/dpcolor

Lightning Fast and Space Efficient $k$-clique Counting

Primary LanguageC++

The work has been extended to a journal paper "Efficient k-Clique Counting on Large Graphs: The Power of Color-Based Sampling Approaches". https://github.com/LightWant/tripath_tkde.

The source code of the work "Lightning Fast and Space Efficient k-clique Counting, www'22, https://doi.org/10.1145/3485447.3512167".

kclique counting

Build

makedir bin

make

make changeToD

make makeCSR

Data format

use com-DBLP as the example:

At first, we have text file

​ ./data/dblp/dblp.txt:

n,m

0 1

0 2

2 3

...

run: bin/makeCSR ./data/dblp/dblp.txt ./data/dblp/tmpedge.bin ./data/dblp/tmpidx.bin, and we get:

​ ./data/dblp/tmpedge.bin ./data/dblp/tmpidx.bin

run bin/changeToD -edge ./data/dblp/tmpedge.bin -idx ./data/dblp/tmpidx.bin -v 425957

-v is the node num.

and we get ./data/dblp/tmpedge.bindeg.bin ./data/dblp/tmpidx.bindeg.bin

rename ./data/dblp/tmpedge.bindeg.bin->./data/dblp/edge.bin

rename ./data/dblp/tmpidx.bindeg.bin->./data/dblp/idx.bin

add file s.txt under the ./data/dblp/:

425957 30 2-clique: 1049866.00 3-clique: 2224385.00 4-clique: 16713192.00

...

30-clique: 2952522344434315298898706432.00

The next is the s.txt for com-lj:

4036538 8 3-clique: 177820130.00 4-clique: 5216918441.00 5-clique: 246378629120.00 6-clique: 10990740312954.00 7-clique: 449022426169164.00 8-clique: 16890998195437619.00

At last, ./data/dblp/edge.bin, ./data/dblp/idx.bin and ./data/dblp/s.txt are what we need.

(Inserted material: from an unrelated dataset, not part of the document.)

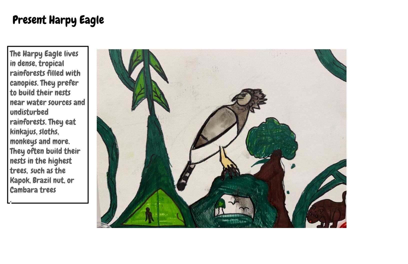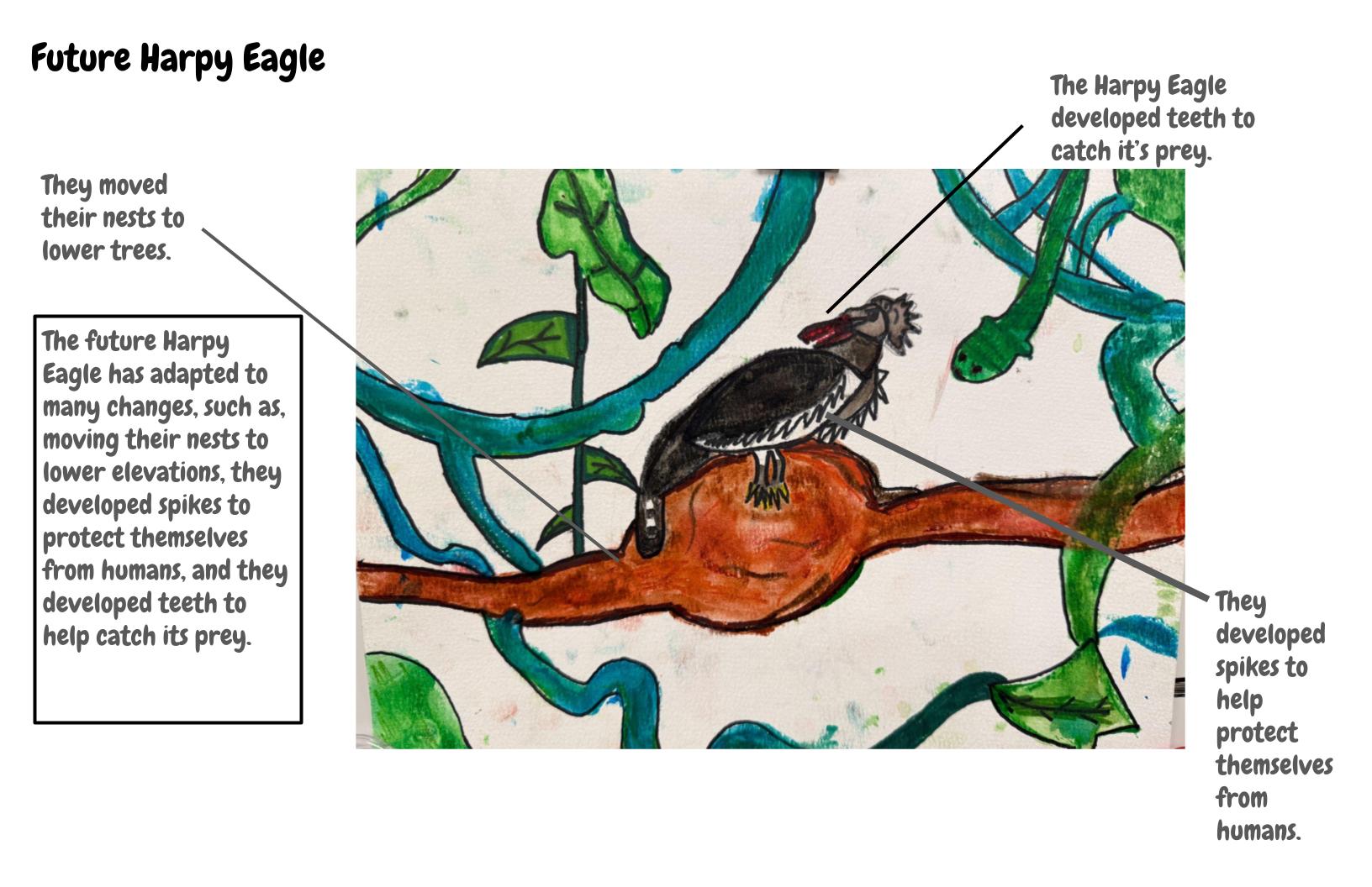 My animal is a Harpy Eagle. The Harpy Eagle lives in dense, tropical rain forests covered with canopies. Its habitat becomes fragmented. Humans are chopping down all the trees its nests are in. I created 3 adaptations to this problem.
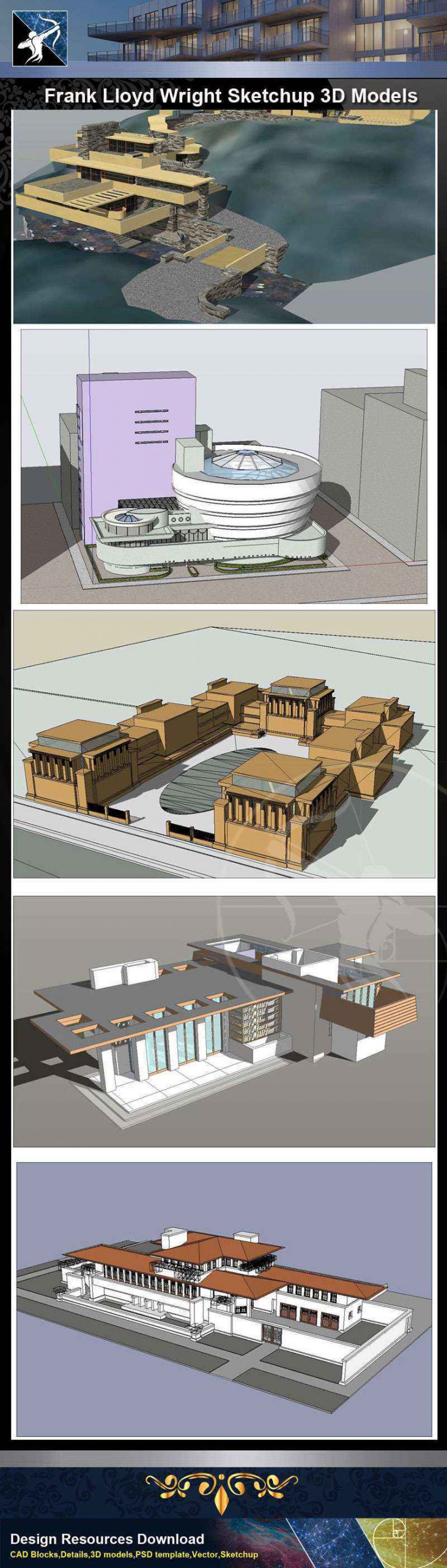 ★Famous Architecture -16 Kinds of Frank Lloyd Wright Sketchup 3D Models

If you don't have the exact count of the cliques, just write the node number:

./data/dblp/s.txt:

425957

run

dpcolorpath: bin/run -f data folder -k clique size -N number of samples -cccpath

bin/run -f data/dblp/ -k 8 -N 100000 -cccpath

output:|k| alpha| count of samples|time of exact part| size of exact part| the depth of search| count in exact part|not expected:the lack count | appDensity hittedcount real_sample_times the percentage of the cliques in the sparse part| approximate count | the percentage of the cliques in the dense part among the approximate count | sampling running time| total running time| error

example:|8| 1.0| 100000| 0.03| 1739| d13| 5008853.0|not expected 53 | 1.000000 100000 100000 99.99935555%| 777243510729| 0.00%| 0.07| 0.10| 0.00%

dpcolor:bin/run -f data folder -k clique size -N number of samples -cc

bin/run -f data/dblp/ -k 8 -N 100000 -cc

parallel dpcolorpath: bin/run -f data folder -k clique size -N number of samples -deb 3 -p threads

bin/run -f data/dblp/ -k 8 -N 100000 -deb 3 -p 10

parallel dpcolor:bin/run -f data folder -k clique size -N number of samples -cc -deb 3 -p threads

bin/run -f data/dblp/ -k 8 -N 100000 -deb 3 -cc -p 10

remark that the Randomness lacks in this version.